Source records:
Start of Block

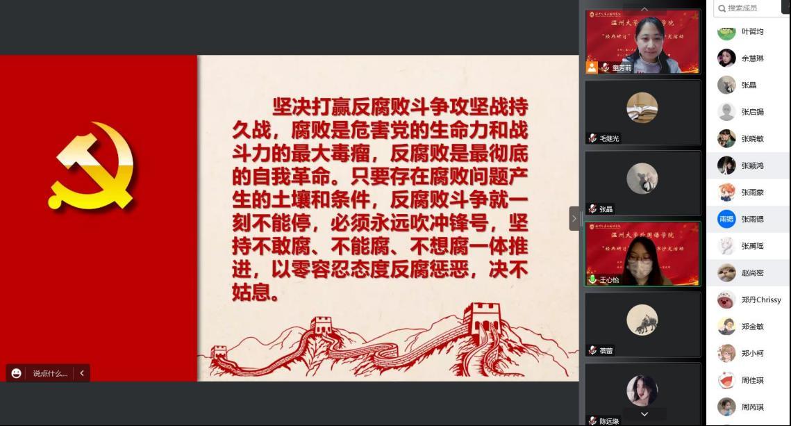 来自22级英语专升本2班的王心怡同学从反腐倡廉讲起,带领同学们思考作为新时代的青年,我们该如何做到“反腐倡廉”。 她强调了“三个务必”的思想:务必不忘初心、牢记使命;务必谦虚谨慎、艰苦奋斗;务必敢于斗争、善于斗争。来自20级英语师范4班的夏希玥同学则是紧密结合自己的专业学习,用全英文流利地分享了她对党的二十大报告学习的个人心得,带领同学们思考当代青年人所应肩负的历史使命。
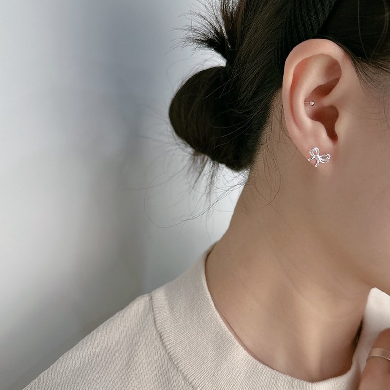 ES560 玫瑰花蕊蝴蝶結珠珠造型耳貼
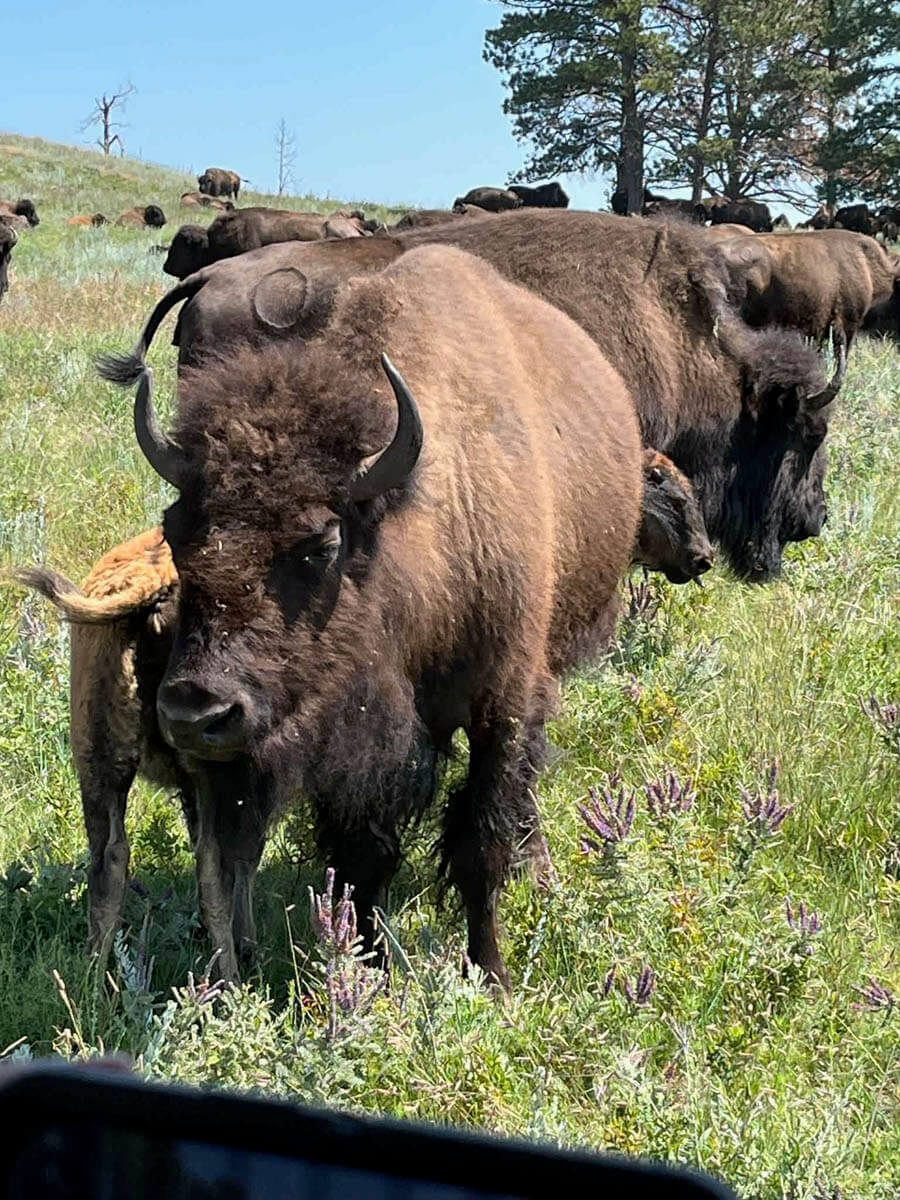 “Barb booked a train ride through the mountains for us. The train took us alongside mountains and through forests, farms, and ranches. The narrator described stories from history that magnified the setting and made it come to life. We went on a buffalo safari in Custer State Park. The tour guide parked our jeep right in the middle of the buffalo herd. Although it was scary at times, it was beautiful to see animals in their own habitat.”
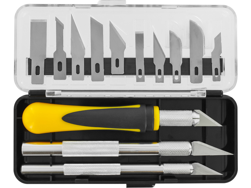 Modelcraft sada 3 nožů s 13 čepelemi se skládá ze 3 držáků velikostí #1 malý, #2 střední a #5 velký a 13 různých čepelí. Použití pro jemné rovné i oblé řezy. Pro řemeslníky, modeláře a profesionály. Sada je uložena v praktickém pouzdru, čepele na magnetickém pásku.
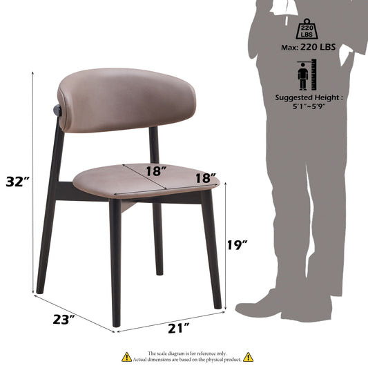 Modern Gray Simple PU Dining Chair Upholstered Chair Family Bedroom Stool Back Dressing, Black Round Table Set, Bentwood Covered With Ash Veneer Chair Back, Chair Metal Legs
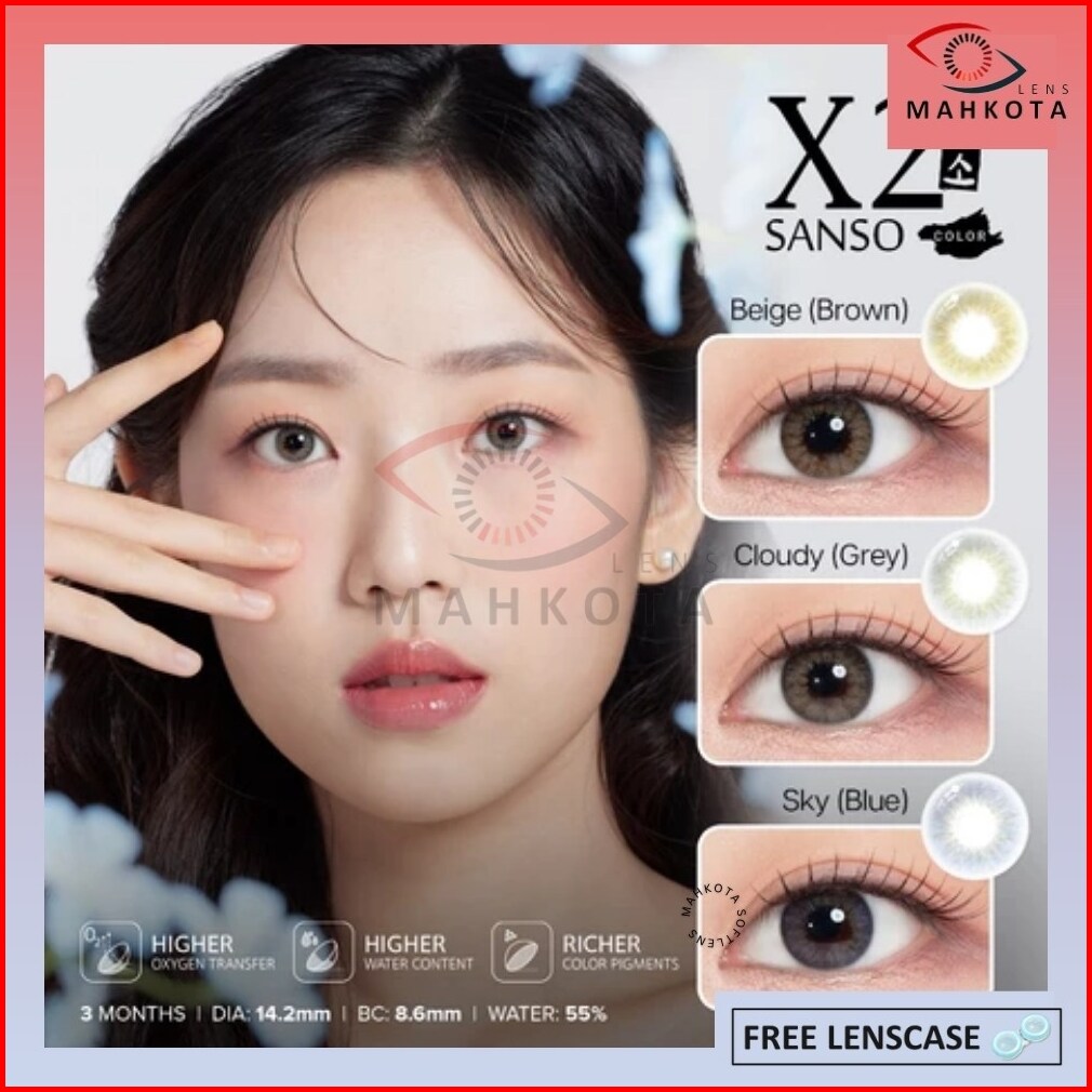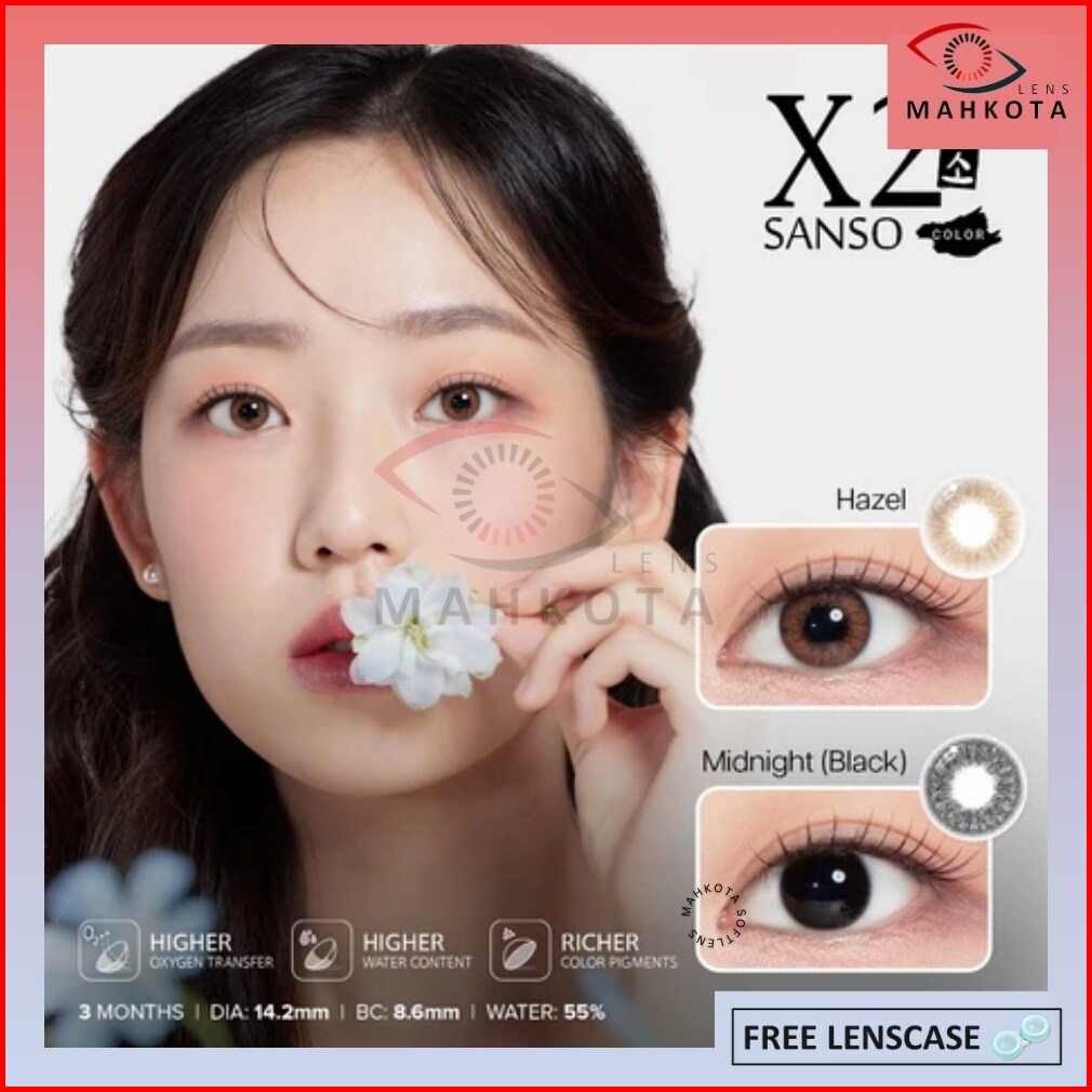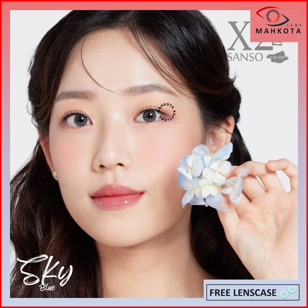Softlens X2 Sanso Color Blue Normal Minus -0.50 Sd -6.00 Premium Soflens Dia 14.2mm Lenscase

End of Block

* [Exercise brief] What is needed is an exact copy of the lines from the one with "Modelcraft sada 3" through the end of the data above, both included, minus any pictures.

* [Problem solution]
 Modelcraft sada 3 nožů s 13 čepelemi se skládá ze 3 držáků velikostí #1 malý, #2 střední a #5 velký a 13 různých čepelí. Použití pro jemné rovné i oblé řezy. Pro řemeslníky, modeláře a profesionály. Sada je uložena v praktickém pouzdru, čepele na magnetickém pásku.
 Modern Gray Simple PU Dining Chair Upholstered Chair Family Bedroom Stool Back Dressing, Black Round Table Set, Bentwood Covered With Ash Veneer Chair Back, Chair Metal Legs
Softlens X2 Sanso Color Blue Normal Minus -0.50 Sd -6.00 Premium Soflens Dia 14.2mm Lenscase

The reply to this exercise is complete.